War, flooding, mudslides, and epidemics of AIDS and Ebola have left hundreds of thousands of children orphaned and homeless. Living on the streets is never a good thing. For these impoverished and resources children, a life of petty crime is often the only hope for survival they can see.
Eventually, they are caught and incarcerated in one of the country’s two juvenile prisons. While imprisoned, Crossroads, other organizations, and local churches work with many of the children to care for their needs.
The Cycle
Crossroads discovered that when children are released from prison, they are often worse off than when they went in.
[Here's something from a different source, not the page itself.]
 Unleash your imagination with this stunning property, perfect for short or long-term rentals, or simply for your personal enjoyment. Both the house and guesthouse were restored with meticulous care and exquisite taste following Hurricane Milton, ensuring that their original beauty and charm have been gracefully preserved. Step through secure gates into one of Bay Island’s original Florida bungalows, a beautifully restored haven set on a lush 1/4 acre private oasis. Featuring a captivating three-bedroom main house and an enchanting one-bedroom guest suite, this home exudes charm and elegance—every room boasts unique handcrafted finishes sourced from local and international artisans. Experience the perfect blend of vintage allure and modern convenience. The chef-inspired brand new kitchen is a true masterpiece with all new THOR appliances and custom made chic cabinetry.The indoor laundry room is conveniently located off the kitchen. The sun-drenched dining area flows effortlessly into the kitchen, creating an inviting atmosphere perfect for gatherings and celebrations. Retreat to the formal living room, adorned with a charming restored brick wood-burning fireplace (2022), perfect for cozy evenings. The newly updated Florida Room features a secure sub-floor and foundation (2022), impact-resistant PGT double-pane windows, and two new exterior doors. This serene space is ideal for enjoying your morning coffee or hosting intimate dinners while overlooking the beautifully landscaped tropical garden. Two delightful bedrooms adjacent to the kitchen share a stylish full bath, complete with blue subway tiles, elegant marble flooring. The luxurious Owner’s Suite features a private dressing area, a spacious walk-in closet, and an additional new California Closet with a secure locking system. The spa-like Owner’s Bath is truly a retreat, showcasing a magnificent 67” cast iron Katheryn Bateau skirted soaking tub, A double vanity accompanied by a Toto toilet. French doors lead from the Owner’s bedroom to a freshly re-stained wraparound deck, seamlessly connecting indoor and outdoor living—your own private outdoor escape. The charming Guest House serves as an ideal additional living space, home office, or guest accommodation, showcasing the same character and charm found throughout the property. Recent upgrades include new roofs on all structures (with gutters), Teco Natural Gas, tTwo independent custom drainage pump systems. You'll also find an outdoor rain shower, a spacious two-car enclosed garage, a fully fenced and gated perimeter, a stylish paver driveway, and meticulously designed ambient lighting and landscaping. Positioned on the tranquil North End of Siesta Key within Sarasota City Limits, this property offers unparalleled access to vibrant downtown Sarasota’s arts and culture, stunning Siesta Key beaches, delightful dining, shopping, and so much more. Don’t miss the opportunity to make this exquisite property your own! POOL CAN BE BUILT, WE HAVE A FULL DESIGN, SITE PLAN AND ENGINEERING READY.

“These children literally have nowhere to go — no family, no home, absolutely nothing. So when they’re released, they will most certainly end up back in the streets again. And these vulnerable kids get caught up in the cycle of survival and then the return to prison and then long-term that really leads to a life of ongoing crime,” according to Cynthia William’s Crossroads International Director.
The idea of this care effort began when Crossroad’s Director in Sierra Leone took it upon himself to mentor to these children on his own. He determined that he would help as many as he could to break the cycle from the streets to prison to the streets and back to prison. He began taking children into his small home. The latest report is that he is providing food, shelter, instruction, and guidance for a least six children. But, there is only so much that one person can do, especially from a two-room house.
Scalability and Sustainability
The western culture is nearly consumed with scalability and sustainability – concepts barely considered in impoverished nations. These concepts are related to growth, efficiency, and effectivity. However, scalability and sustainability are precisely what need to be implemented to help break the vicious cycle within which these children are entrapped.
The organization is currently considering how to address the “significant, immediate needs for housing, for schooling, for food, and for schooling expenses as they are coming out” of prison.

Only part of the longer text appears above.